Савелий Кузьмич налил по второй, хотел и по третьей, но дядя Володя прикрыл свой стакан рукой — хватит! Тогда хозяин сказал: «Нет, так нет!» — и пригласил нас посмотреть сад. Мы высыпали на улицу — в доме, стало жарко.

Савелий Кузьмич стал закрывать дверь дома на замок.

— Зачем? — сказал дядя Володя. — Мы же ненадолго, сейчас вернемся.

— Там все ваше лежит… Вот я пса спущу, тогда уж никто зайти не посмеет, так — нет?

Сад как сад, не знаю, почему Савелий Кузьмич им так восторгается. Ну, деревья растут, ну, кусты разные. А он ведет нас и все объясняет, объясняет. Вот смородина, да не простая, а какая-то там сверхособенная. Вот ранет, и тоже не простой, а золотисто. красный. другое дело — были бы яблоки спелые на деревьях, или хотя бы ягоды. Тогда бы мы сами разобралась, что особенное, а что не очень. А так попробуй, пойми, когда они совсем зеленые.

Я все ждал, когда же он, наконец, кончит про свой сад. Тогда можно будет спросить его про привидения на Чертовом кургане. Именно при Сашке. Пусть послушает, ему будет полезно.

Наконец выдался момент. Савелий Кузьмич снял гусеницу с дерева, молча растоптал на дорожке. Я выпалил торопливо, пока он вновь не заговорил про сад:

— А правда, вы привидения видели?

Студенты сразу залились. Савелий Кузьмич тоже улыбнулся, только совсем невесело:

— Ну, ребята, хотите — верьте, хотите — нет, но было такое, дело. Может, кто нарочно подстроил, не знаю… Возле Чертова кургана, черт бы его побрал. На что уж я человек с научным понятием, ни в бога, ни в дьявола не верю, а вот — видел.

— После рюмочки и не такое привидится, — пошутил Слава, и все испортил.

— Ну, тогда говори ты, а я помолчу, — сердито повернулся к нему Савелий Кузьмич.

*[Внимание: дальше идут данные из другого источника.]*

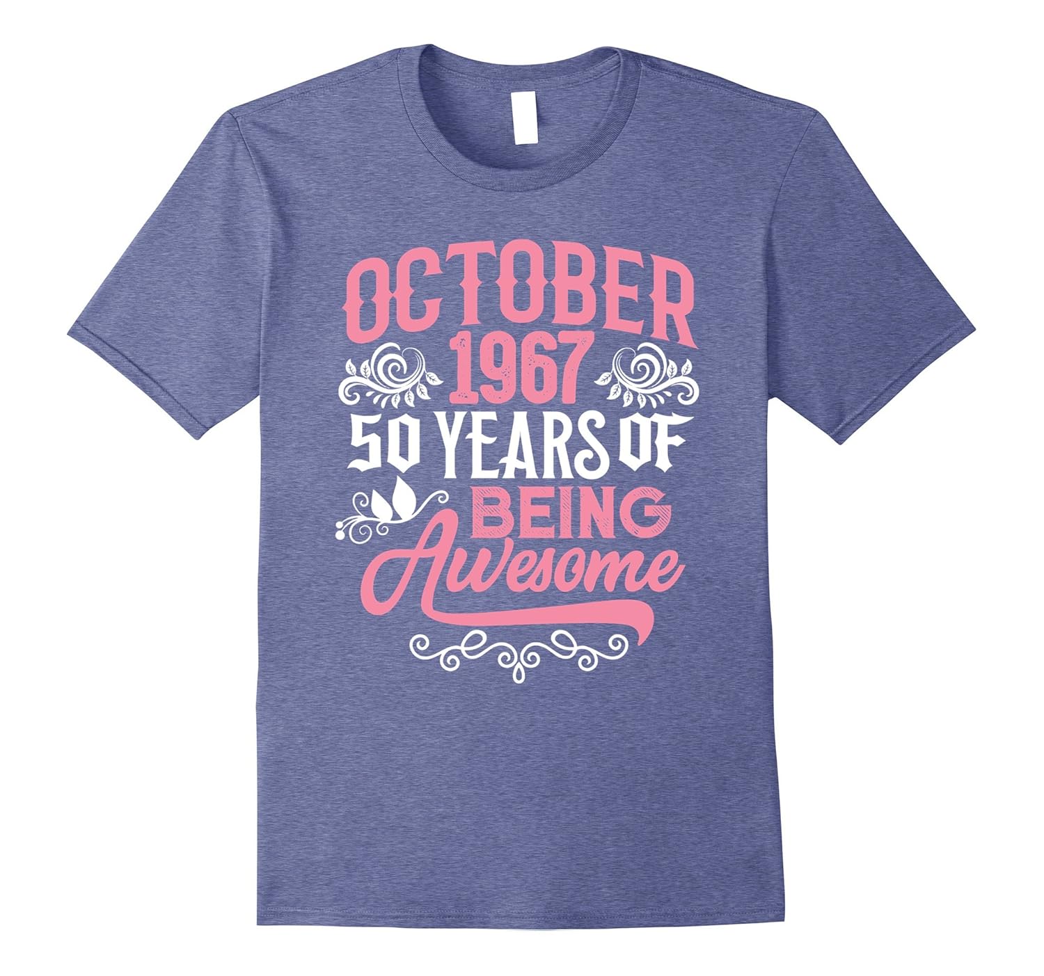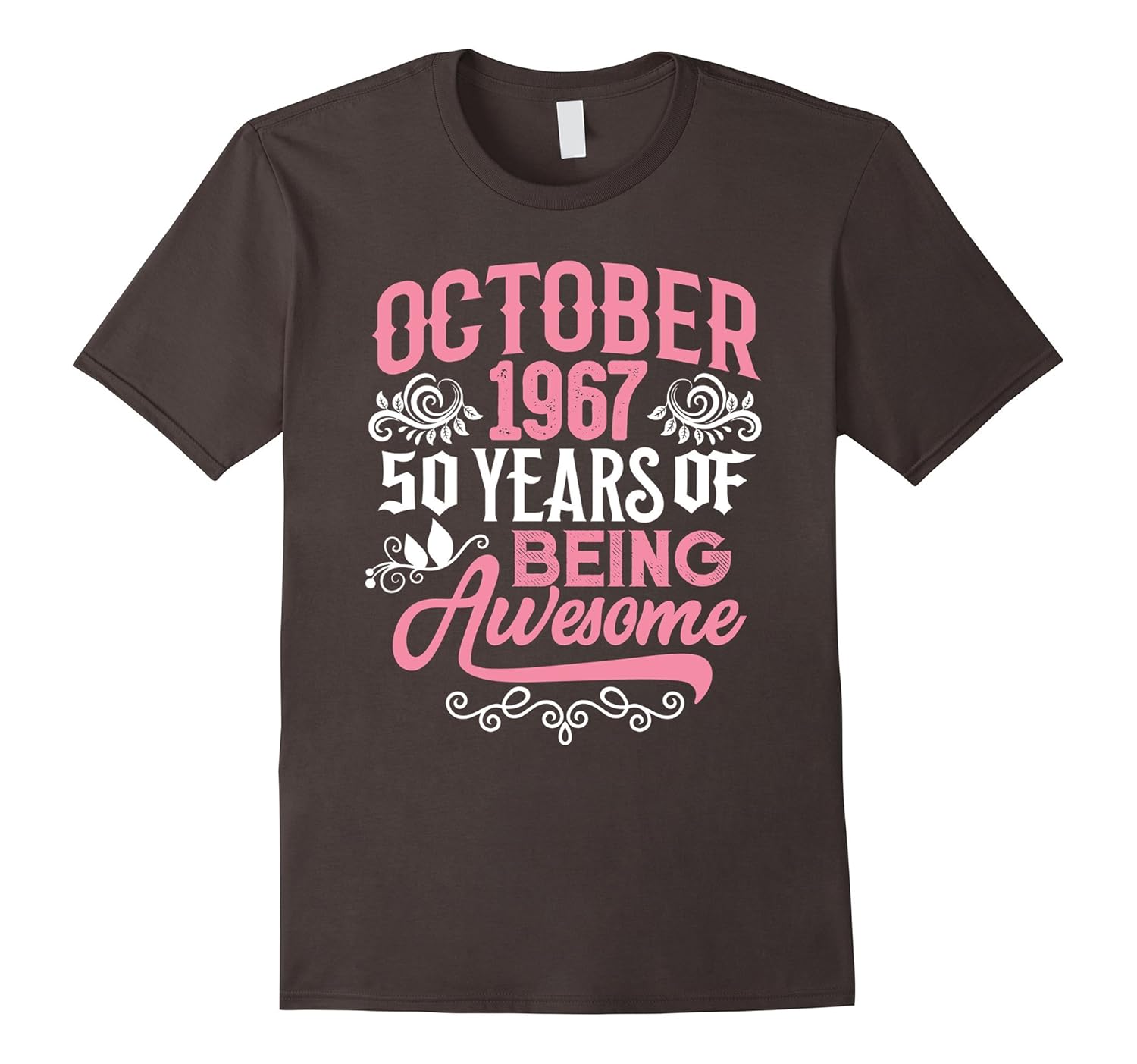 Solid colors: 100% Cotton; Heather Grey: 90% Cotton, 10% Polyester; All Other Heathers: 65% Cotton, 35% Polyester, Imported, Machine wash cold with like colors, dry low heat, 50th Birthday Gift T-Shirt. October 1967, 50 Years Of Being Awesome Birthday Shirt for Men and Women. Makes a perfect gift for him or her. Birthday gift idea for people born in October, 1967 or anyone who is turning 50 years old, vintage style graphic tee. Perfect for a birthday party. Lightweight, Classic fit, Double-needle sleeve and bottom hem

И больше не стал рассказывать, сколько я его ни упрашивал.

На обратном пути в дом Вера остановилась у забора. За ним росли огромные яркие цветы.

— Гладиолусы! — захлопала она в ладоши. — Какая прелесть!

Сашка сказал с видом знатока:

— Сорт «Наполеон».

— Яскажуков цветочки, их расчудесный сад, — усмехнулся Савелий Кузьмич. — Вон его дядьки.

— Он любитель? — спросил дядя Володя.

— А он до всего любитель — Яскажук. Какой-то… — Савелий Кузьмич оглянулся на Сашку, не договорил. — Не как все люди, понятно? Вот цветочки, к примеру. Яскажук их луковки не откуда-нибудь — с фронта привез. Другие в вещмешках что с войны везли? Вот я, к примеру. Жратву — тогда худо с продуктами было, барахлишко — дома все босые и голые, так — нет? А он — цветочки! Смехотища.

— А что — даже трогательно! — воскликнула Вера. — Солдат с фронта привез цветы. Прямо в стихи просится.

— Стихи! — Савелий Кузьмич нагнулся, выдернул с грядки какую-то травку, наступил на нее ботинком. — Он продать их думал, да никто не купил. Просчет у него вышел, вот, какие стихи! А потом фотографией занялся, и тоже просчет. Оштрафовали за незаконный промысел. У нас в селе фотографа нет, вот он, и пользовался. Куда людям деться! Несли ему гроши, так — нет?

— Неправда!

Я посмотрел на Сашку. Он побледнел, стиснул кулаки.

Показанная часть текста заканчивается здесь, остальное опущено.